From the line containing "① 6月6日,在湖南省道縣道州玉潭(東陽(yáng))學(xué)校,教師與考生擊掌加油。蔣克青 蔣憑姣" to the line containing "BLANK INTERIOR FOR" in the records below, set down every line exactly as it stands, both ends included, and skip the pictures.

Segment Start: Extracted records

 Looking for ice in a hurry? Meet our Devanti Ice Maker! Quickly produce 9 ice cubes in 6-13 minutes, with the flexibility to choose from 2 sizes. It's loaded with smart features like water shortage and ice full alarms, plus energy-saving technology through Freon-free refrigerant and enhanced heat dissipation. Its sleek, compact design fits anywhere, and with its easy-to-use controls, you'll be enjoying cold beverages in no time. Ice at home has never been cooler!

Segment End: Extracted records
Segment Start: Extracted records

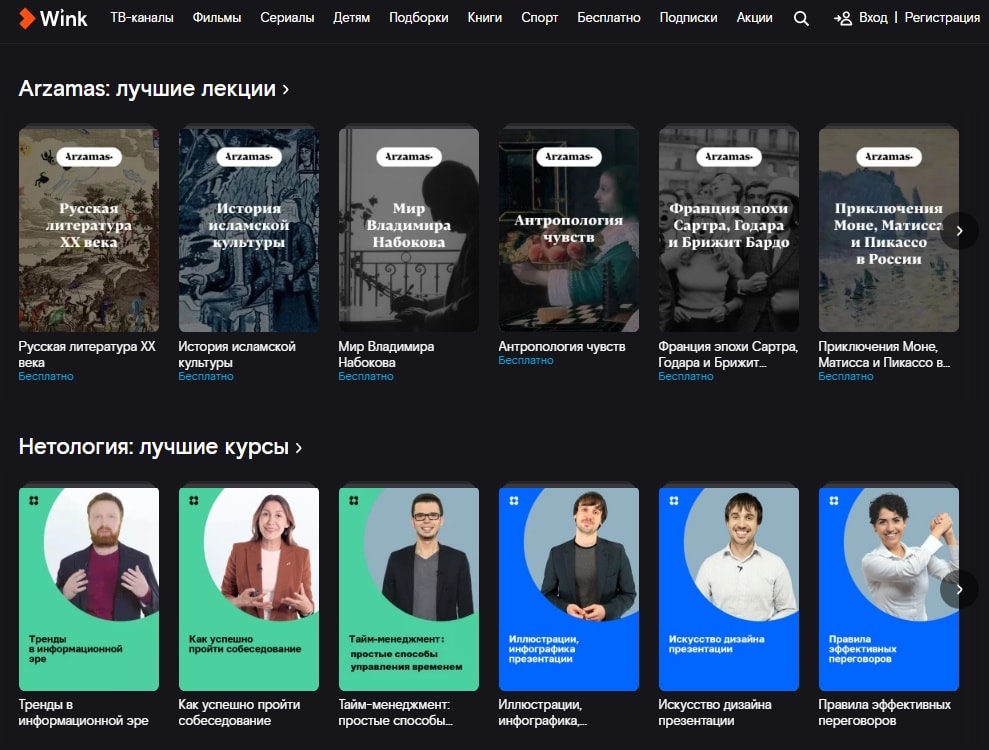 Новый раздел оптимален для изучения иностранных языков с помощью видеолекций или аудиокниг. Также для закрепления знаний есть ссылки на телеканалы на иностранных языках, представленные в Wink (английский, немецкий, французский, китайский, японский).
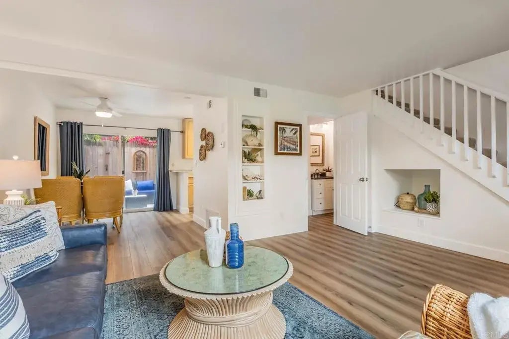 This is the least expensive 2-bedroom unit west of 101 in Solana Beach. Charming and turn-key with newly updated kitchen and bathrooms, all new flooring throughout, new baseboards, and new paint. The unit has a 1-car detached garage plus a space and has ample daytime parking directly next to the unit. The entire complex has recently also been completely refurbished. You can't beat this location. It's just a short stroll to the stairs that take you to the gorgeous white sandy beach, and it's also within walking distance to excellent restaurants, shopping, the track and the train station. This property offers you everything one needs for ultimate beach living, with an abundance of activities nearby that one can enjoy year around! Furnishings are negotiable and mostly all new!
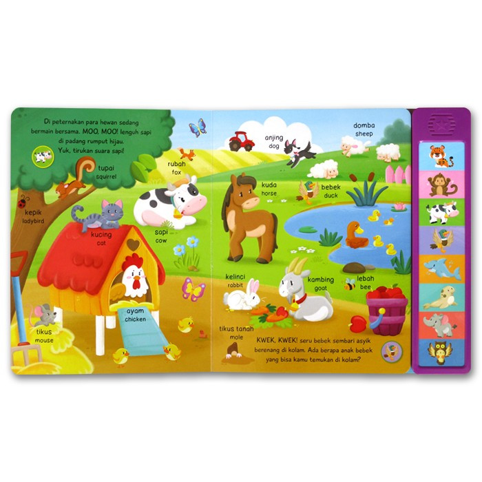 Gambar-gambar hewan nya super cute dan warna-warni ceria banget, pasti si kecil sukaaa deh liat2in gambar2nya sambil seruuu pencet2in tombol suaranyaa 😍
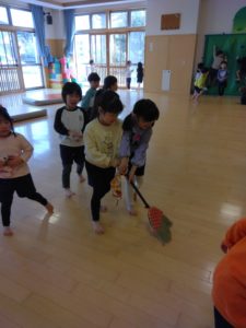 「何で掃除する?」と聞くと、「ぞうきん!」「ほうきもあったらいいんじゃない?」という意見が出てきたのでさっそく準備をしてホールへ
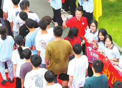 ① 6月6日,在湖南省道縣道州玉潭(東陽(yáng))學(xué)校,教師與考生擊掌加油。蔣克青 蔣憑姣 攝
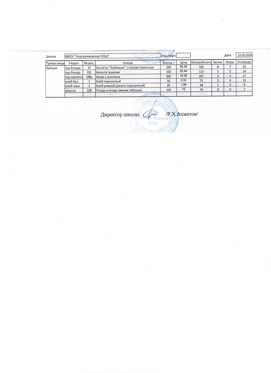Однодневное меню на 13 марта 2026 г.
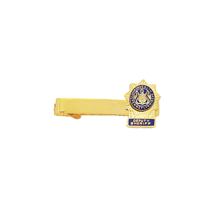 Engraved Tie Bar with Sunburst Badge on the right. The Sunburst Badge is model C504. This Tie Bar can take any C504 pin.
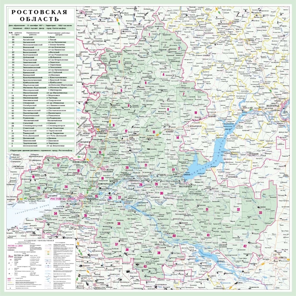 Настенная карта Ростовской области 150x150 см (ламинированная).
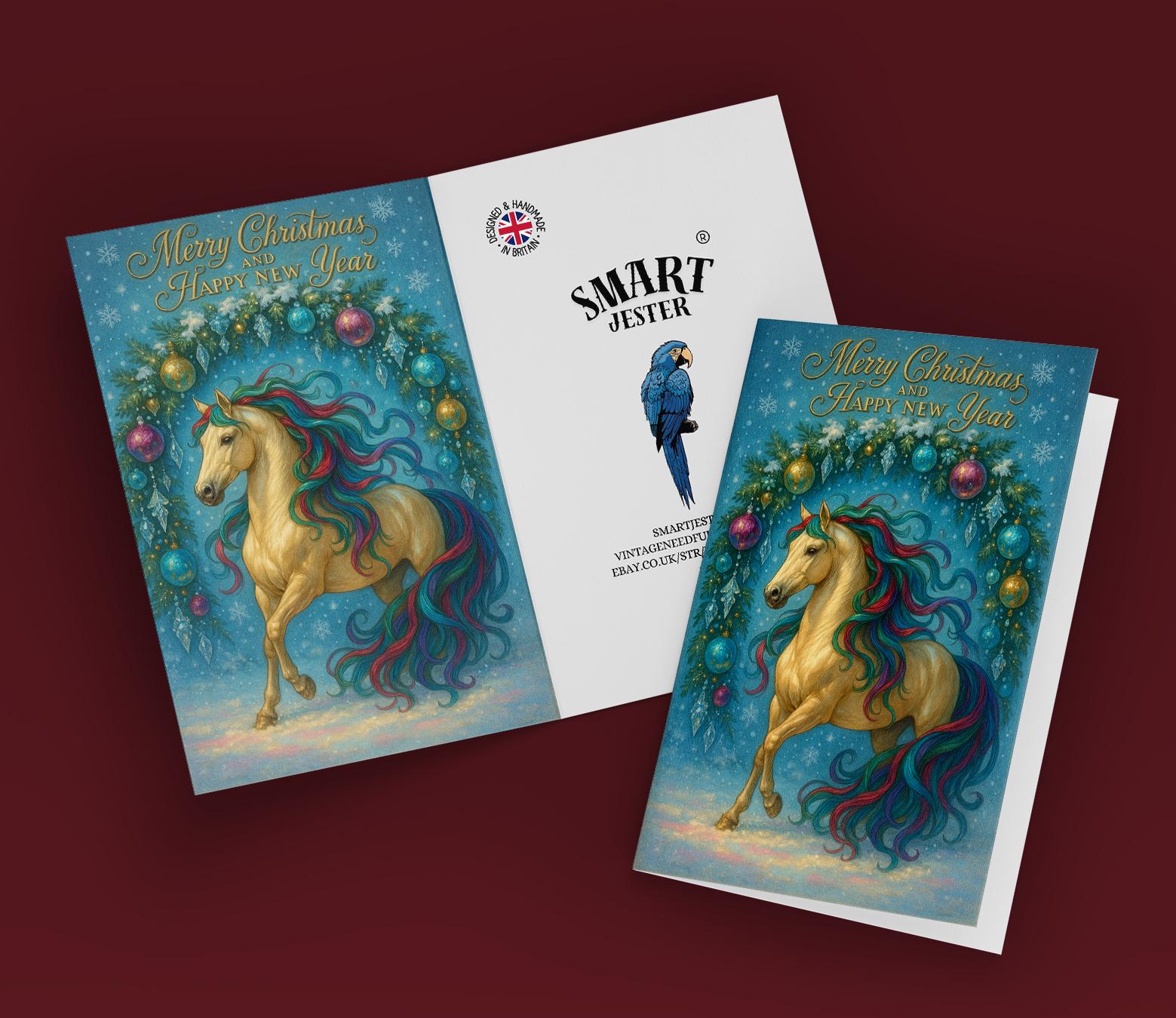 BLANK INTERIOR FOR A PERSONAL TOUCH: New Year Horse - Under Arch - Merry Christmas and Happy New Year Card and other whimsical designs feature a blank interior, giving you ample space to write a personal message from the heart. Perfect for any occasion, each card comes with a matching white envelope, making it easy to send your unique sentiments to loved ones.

Segment End: Extracted records

• **The completed task**:
 ① 6月6日,在湖南省道縣道州玉潭(東陽(yáng))學(xué)校,教師與考生擊掌加油。蔣克青 蔣憑姣 攝
Однодневное меню на 13 марта 2026 г.
 Engraved Tie Bar with Sunburst Badge on the right. The Sunburst Badge is model C504. This Tie Bar can take any C504 pin.
 Настенная карта Ростовской области 150x150 см (ламинированная).
 BLANK INTERIOR FOR A PERSONAL TOUCH: New Year Horse - Under Arch - Merry Christmas and Happy New Year Card and other whimsical designs feature a blank interior, giving you ample space to write a personal message from the heart. Perfect for any occasion, each card comes with a matching white envelope, making it easy to send your unique sentiments to loved ones.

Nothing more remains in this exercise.